### [To do]
In the entries below, find the line containing "Nu este vorba" and the line containing "Song | 走过 |". Copy those two lines and everything between them exactly, and only that.

### [Data to process]
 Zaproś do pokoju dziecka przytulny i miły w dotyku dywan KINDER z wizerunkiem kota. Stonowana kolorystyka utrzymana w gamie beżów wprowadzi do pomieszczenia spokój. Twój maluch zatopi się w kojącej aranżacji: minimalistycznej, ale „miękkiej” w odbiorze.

* * *

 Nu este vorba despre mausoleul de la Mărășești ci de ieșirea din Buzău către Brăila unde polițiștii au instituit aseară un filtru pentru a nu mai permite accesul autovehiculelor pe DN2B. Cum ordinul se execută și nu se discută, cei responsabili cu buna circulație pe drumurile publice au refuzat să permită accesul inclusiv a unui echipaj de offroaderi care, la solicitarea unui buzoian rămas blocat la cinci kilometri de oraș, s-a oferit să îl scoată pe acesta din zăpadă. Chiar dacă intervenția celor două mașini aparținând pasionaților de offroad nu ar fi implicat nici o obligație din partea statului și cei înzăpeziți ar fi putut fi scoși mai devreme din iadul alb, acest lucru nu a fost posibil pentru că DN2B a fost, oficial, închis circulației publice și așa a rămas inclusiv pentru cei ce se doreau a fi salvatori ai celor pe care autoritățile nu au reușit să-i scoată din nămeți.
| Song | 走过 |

### [Written answer]
 Nu este vorba despre mausoleul de la Mărășești ci de ieșirea din Buzău către Brăila unde polițiștii au instituit aseară un filtru pentru a nu mai permite accesul autovehiculelor pe DN2B. Cum ordinul se execută și nu se discută, cei responsabili cu buna circulație pe drumurile publice au refuzat să permită accesul inclusiv a unui echipaj de offroaderi care, la solicitarea unui buzoian rămas blocat la cinci kilometri de oraș, s-a oferit să îl scoată pe acesta din zăpadă. Chiar dacă intervenția celor două mașini aparținând pasionaților de offroad nu ar fi implicat nici o obligație din partea statului și cei înzăpeziți ar fi putut fi scoși mai devreme din iadul alb, acest lucru nu a fost posibil pentru că DN2B a fost, oficial, închis circulației publice și așa a rămas inclusiv pentru cei ce se doreau a fi salvatori ai celor pe care autoritățile nu au reușit să-i scoată din nămeți.
| Song | 走过 |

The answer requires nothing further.